A long time lurker has registered a month ago to this nice forum and has his first question:

My SkyRay 3xT6 3800 died last July after maybe 60 minutes of on and off use (and, from what I read, it wasn't the only one).

I finally came around to looking for and ordering a driver from Kaidomain that seemed to be a suitable replacement. After I had taken the SkyRay's head apart and desoldered the original driver, I found out (to my surprise) that one of the LEDs had died (does that ever happen?*), so I also ordered a T6 on a round 16 mm PCB (I felt lucky that I found one as most dealers seem to have the XM-L only bare or on a star). When today I've replaced the dead LED, I didn't bother resoldering the original driver to find out whether or not it, too, was fried and went with the new driver instead.

I'm glad to report that the flashlight works like new (drawing 3.7 tailcap amps on high, both with flamed Trustfires and Redilasts; I don't remember the current with the original driver), but now I'm hesitant to run it on high for longer than a minute or so.

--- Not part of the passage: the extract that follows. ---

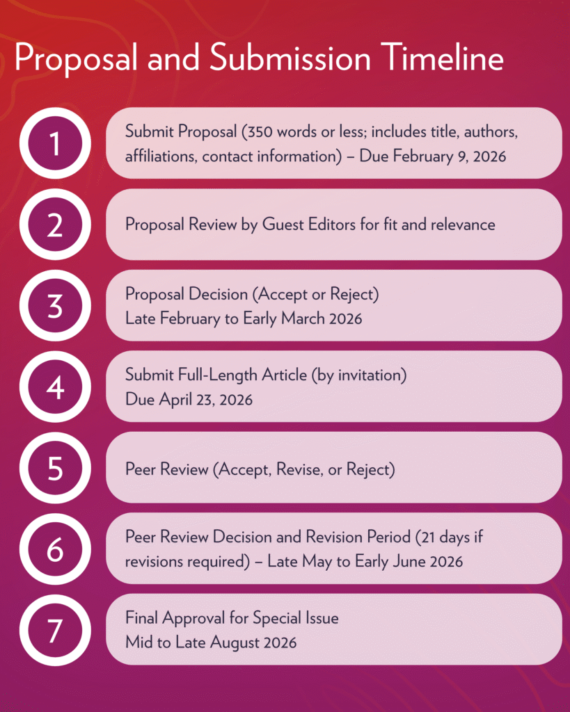 Step 3: Notification of Proposal Decision (Accept/Reject): The anticipated date of notification of whether your proposal was accepted or rejected is late February/early March 2026. Accepted proposals will be invited to submit a full-length article for peer review.

My question is regarding Kaidomain's instruction to "smash the thermally conductive adhesive and filled it between circuit board and body to make it better to thermally conductive". Enclosed with the driver are four small blocks of grey matter - apparently the thermal adhesive. It can probably be somehow molded so that it bridges a gap between driver and flashlight body, but I'm baffled as to where to put it. It isn't supposed to be somehow squeezed under the inductor (messy) and between the two PCBs (next to impossible) and spread all over the SMD components, is it? It would make very poor, if any, contact to the aluminum pill/head of the SkyRay unless Kaidomain sends me another ten blocks to fill the whole space in which the driver sits. And I've never seen anything like a driver fully embedded in a glob of thermal compound.

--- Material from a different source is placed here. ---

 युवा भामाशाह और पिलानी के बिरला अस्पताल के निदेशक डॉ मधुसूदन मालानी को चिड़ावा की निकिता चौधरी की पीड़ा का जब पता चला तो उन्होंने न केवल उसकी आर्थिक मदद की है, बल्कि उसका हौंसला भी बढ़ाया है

I found a post on a Russian forum with a photo of the stuff (but in a different flashlight). Looks like he actually planned on pressing the driver into the thermal compound.

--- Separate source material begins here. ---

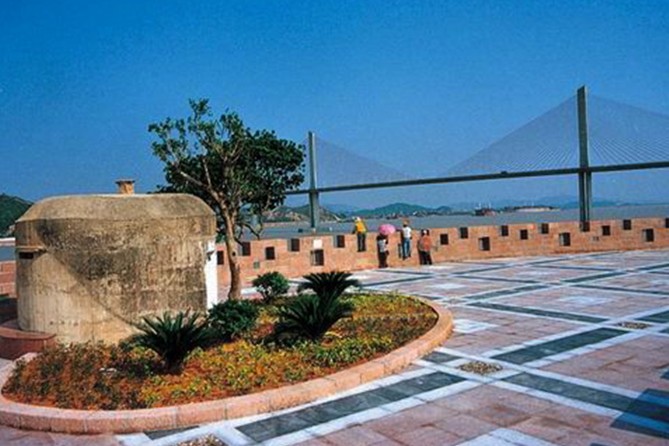 崖門古炮臺位于新會崖門出海水道東岸的古井鎮(zhèn)官沖村,最早設置于清康熙五十七年(1718年),并形成雛形,后于清嘉慶十四年(1809年)正式設立興建。崖門古炮臺雄踞新會崖山,倚山面海,緊緊扼守著珠江八大出海口之一——崖門通往南海的進出水道。崖門大橋是跨越崖門水道的特大型雙塔單索面斜拉橋,全長1289米,跨度668米,橋下可通航5萬噸級船舶,跨度之大為目前國內(nèi)同類型橋梁之最,亞洲第一,世界第二。
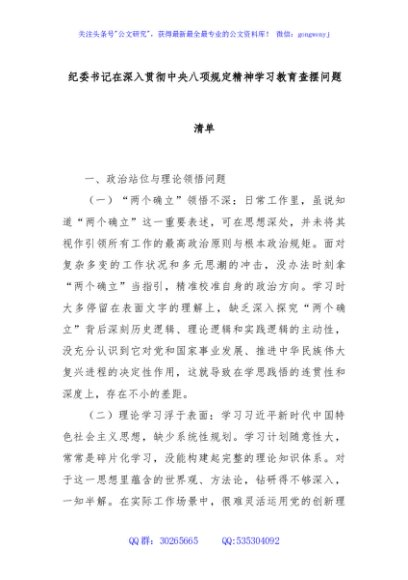 / 纪委书记在深入贯彻中央八项规定精神学习教育查摆问题清单

You can see images of the assembled head of my Skyray halfway down in this BLF thread (I had originally posted them on CPF). I've wrapped and stuffed aluminum foil into the hollow space between head and body.

Any ideas on whether at all / how to use the thermal compound? I'd be kind of bummed if the SkyRay died on me again.

Thanks & regards,

pezie

*Looks like it does! I just read on another forum that two people have the same problem (one LED dead) with their Nitecore TM11's (unlike in my SkyRay, you can even see the cracked dome). Maybe my SkyRay's driver wasn't the culprit after all and an LED overheated. When reassembling the SkyRay, I've cleaned the head and LEDs from the original thermal compound and replaced it with Arctic Silver; maybe that improves the (overall dismal) heat transfer by a wee tiny fraction.

I made same mod, driver got too hot soon, I put it all sunk in thermal compound, now it works. 4A at the tailcap :)

When it comes to change driver, it will be messy, but for now it works like a charm with kai driver, I have 850 version of skyray.